Jesus’s Coming is a Majestic Coming.
Jesus “is coming with the clouds,” emblematic of his reign as king. Jesus, of course, is the king this very moment; however, not everyone acknowledges him as king. When Jesus comes again, he will sit on his throne before all: “When the Son of Man comes in his glory, and all the angels with him, then he will sit on his glorious throne” (Matt 25:31).
“He will sit on his glorious throne,” for all men shall acknowledge Jesus as king: “God has highly exalted him and bestowed on him the name that is above every name, so that at the name of Jesus every knee should bow, in heaven and on earth and under the earth, and every tongue confess that Jesus Christ is Lord, to the glory of God the Father” (Phil 2:9-11). At Jesus’s Majestic Coming, it won’t matter who you are—a king or a president or a governor or a common man no one knows—or what you’ve believed—atheist, Buddhist, Muslim, agnostic, or Jew—you shall bow your knee before Jesus and you shall confess him as Lord. You will not have a choice, for Jesus will have a Majestic Coming.
Jesus’s Coming is a Manifest Coming.
Jesus “is coming with the clouds, and every eye will see him, even those who pierced him” (Rev 1:7). Everyone will see Jesus coming in clouds of glory. It won’t matter if you’re alive when Jesus comes again or if you’ve been dead for millennia—your eyes will see the Lord.
Job expressed hope of seeing God: “I know that my Redeemer lives, and at the last he will stand upon the earth. And after my skin has been thus destroyed, yet in my flesh I shall see God, whom I shall see for myself, and my eyes shall behold, and not another” (Job 19:25-27). Job is a poetic book, and it’s difficult to know precisely what Job meant. However, Job shall see Jesus as he descends from heaven. All the dead shall be raised (Jn 5:28-29), and every single eyeball from every single person who has ever lived will see Jesus in glory. Jesus will have a Manifest Coming.
Jesus’s Coming is a Mournful Coming.
“All tribes of the earth will wail on account of him” (Rev 1:7). Jesus isn’t coming for a social visit. Jesus is coming to judge the world. “[H]e will sit on his glorious throne,” and all nations will be gathered before him, “and he will separate people one from another as a shepherd separates the sheep from the goats” (Matt 25:31-32). To those on his left, Jesus will say, “Depart from me, you cursed, into the eternal fire prepared for the devil and his angels” (Matt 25:41), and “these will go away into eternal punishment” (Matt 25:46).
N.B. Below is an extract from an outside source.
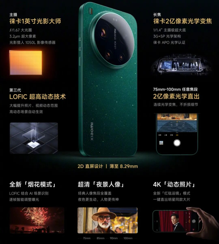 小米17 Ultra主要配置:6.9英寸2608*1200分辨率的居中单挖孔四等边直屏,全新M10发光材料,超级像素方案,420ppi,1-120 LTPO刷新率,2160Hz PWM调光+DC调光, 局部峰值亮度3500nits,小米龙晶玻璃3.0盖板,超声波屏下指纹,金属直角中框,玻纤后盖,黑色、白色、星空绿、冷烟紫4个颜色,机身三围162.9*77.6*厚约8.29mm,重约223.4g/绿色重约224g。

“The Lord Jesus [will be] revealed from heaven with his mighty angels in flaming fire, inflicting vengeance on those who do not know God and on those who do not obey the gospel of our Lord Jesus. They will suffer the punishment of eternal destruction” (2 Thess 1:7-9). As John gazed into an eternal hell, he recorded, “The smoke of their torment goes up forever and ever, and they have no rest, day or night” (Rev 14:11).
Is it any wonder that the tribes of earth will wail when they see Jesus in the clouds? And, there will not just be wailing when Jesus comes again. That wailing shall continue for all eternity: “In that place there will be weeping and gnashing of teeth” (Matt 13:42). Jesus’s coming shall be a Mournful Coming, for so many will be lost on that day.
Conclusion
“Jesus is coming again.” But I have no idea when: “Concerning that day and hour no one knows, not even the angels of heaven, nor the Son, but the Father only. Therefore you . . . must be ready, for the Son of Man is coming at an hour you do not expect” (Matt 24:36, 44). The Son of Man could come this very day. Would you be ready?
This sermon was originally preached by Dr. Justin Imel, Sr., at Church of Christ Deer Park in Deer Park, Texas.